The camping locations are the same regardless of the direction you take. You will spend the night on either side of the crater. Take time to observe the views and especially don’t forget to appreciate the magnificent Milky-Way after nightfall. 

On Day 2 you will make a steep descent to the crater lake. You’ll be on rocks with some relatively large drops between steps which could be nerve-wracking for some. I personally enjoy this type of climbing. It’s fun and you can involve all four limbs to gain stability and spread the load on your muscles. After 2 hours you will reach the crater lake and have plenty of time to enjoy a swim, lunch, and the hot pools. Then you climb up the other side of the crater to reach camp. This will take roughly 3 hours and (if you’re short) might involve a bit of basic bouldering. It’s fairly steep but I have fond memories of this section. All-in-all it’s a short day in terms of hiking.

Lunch spot by the crater lake with Gunung Barujari on the left.

On Day 3 you will wake up at 1-2am to begin the gruelling ascent to the summit. This section, by all accounts, is equally harrowing regardless of which direction you trek Rinjani. It’s freezing, windy and pitch-black so you have no idea how much is left. You will also likely lose ground with each step as you slide down the volcanic gravel. The return trip takes 4-6 hours. Some might not want to leave this until the final day, in which case you would probably prefer to trek Rinjani in the opposite direction. On the flip side, if you do take the Senaru to Sembulan route, this will be the only uphill you do on the summit day. The promise of a shower and a real bed at the end of the day might be just the motivation you need.
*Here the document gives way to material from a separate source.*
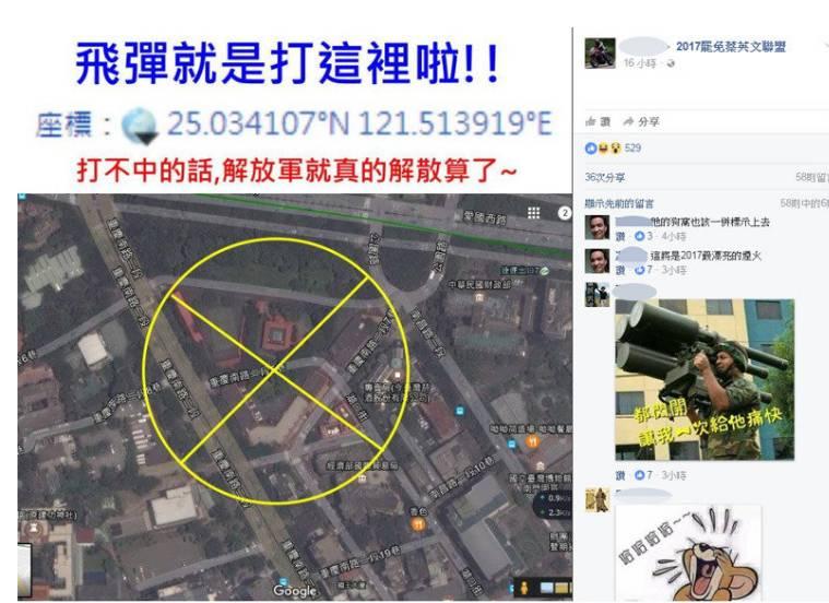 1月2日晚,名為莊士弘的臺灣網友在Facebook上轉發了一張“總統府”的衛星地圖,圖片上專門用黃色標記圈起位置,并“貼心”地附上詳細坐標,還給解放軍撂下這樣兩句話:“飛彈就是要打這里啦!打不中的話,解放軍真的解散算了!”。

Sembulan to Senaru: a car will pick you up from Senaru village and take you to the start of the trail at Sembulan. You will then begin a very gradual ascent through the dry, sunny savannah, stopping for lunch at Pos.2, after 3 hours. Afterwards, it’s more of the same until Pos.3 followed by a short break before you start a much steeper climb. The remaining section to the crater edge is also quite sandy. Our guide informed us that this is the point at which many tourists begin to cry!
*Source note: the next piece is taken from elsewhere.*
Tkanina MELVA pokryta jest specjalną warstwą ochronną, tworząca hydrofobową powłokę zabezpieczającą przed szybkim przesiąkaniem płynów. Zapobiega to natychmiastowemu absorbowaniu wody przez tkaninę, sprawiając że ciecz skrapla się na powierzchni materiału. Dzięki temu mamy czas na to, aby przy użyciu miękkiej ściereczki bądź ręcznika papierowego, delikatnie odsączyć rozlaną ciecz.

You may prefer this slow steadily inclined walking to the steeper stepped walking of Day 1 on the Senaru to Sembulan route. Personally, I find this type of terrain much more challenging, and with good reason. I hated this day and it aggravated my hip-joint to the point that I couldn’t lift my left leg more than an inch off the ground by the end of the day. Because of this, our guide advised me against attempting the summit in the morning.
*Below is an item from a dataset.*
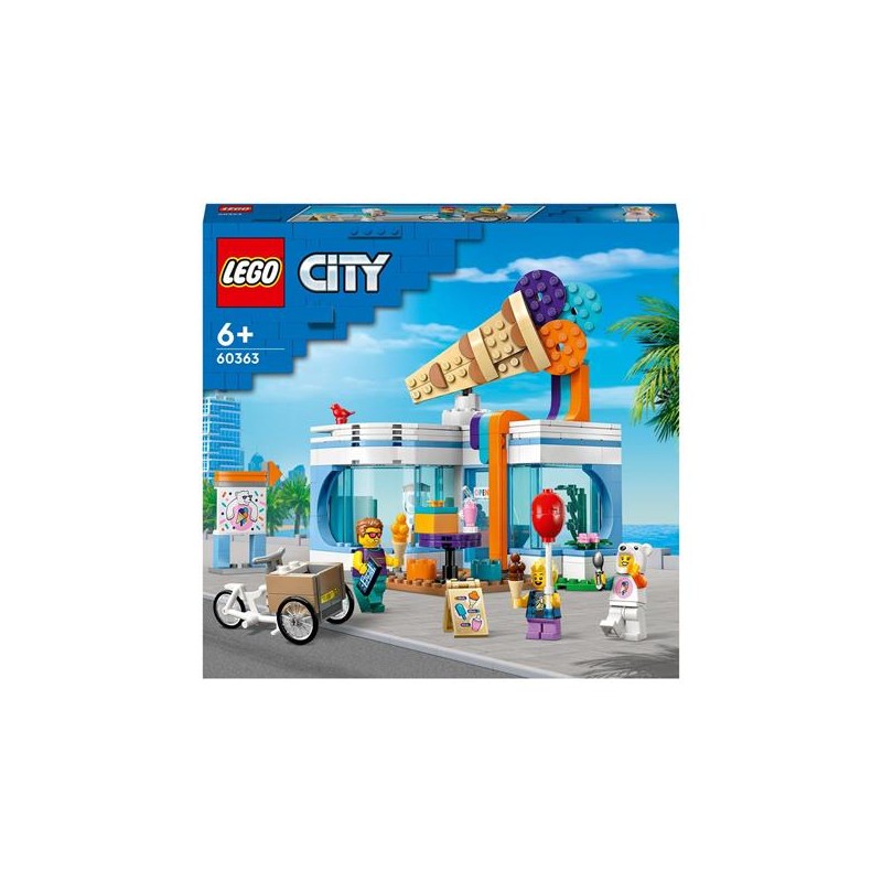 Porta un atmosfera estiva nei giochi dei bambini e delle bambine dai 6 anni in su con il set LEGO City Gelateria 60363 Gli appassionati di gelaterie e feste ameranno questo set di costruzioni per bambini un nuovo negozio LEGO ideale per ampliare la propria città di mattoncini

The main advantage of this route comes in Day 2, where you will climb the summit after only one day of hiking. Many people might find this to be a more reasonable demand to make of their body. The flip side it that you then have a long day ahead of you to reach the other side of the crater. Everyone in our group was shattered after the summit, but they all still managed the remaining 6-7 hours to the campsite without too much trouble. The hot springs certainly offer a well deserved respite for sore muscles.

Day 3 is very pleasant and relatively quick as you make your way back to civilisation through the shaded forest. This is obviously a much shorter final day than the one on the Senaru to Sembulan route so that’s the final factor you might want to consider.

Whichever direction you choose, it will be a tough but extremely rewarding experience.

Bonus Waterfalls

If you get dropped off in Senaru village the day before your trek, do not forget to visit the nearby waterfalls. This was my favourite day on the mountain and a great warm up for muscles and joints. Pay 10k entrance fee to the area. If you’re on a budget you don’t need a guide to reach Sendang Gile Waterfall. There’s a clear path and super cute kids to help you cross the rivers, or to sell you a guided tour through a “shortcut” tunnel for just 20k.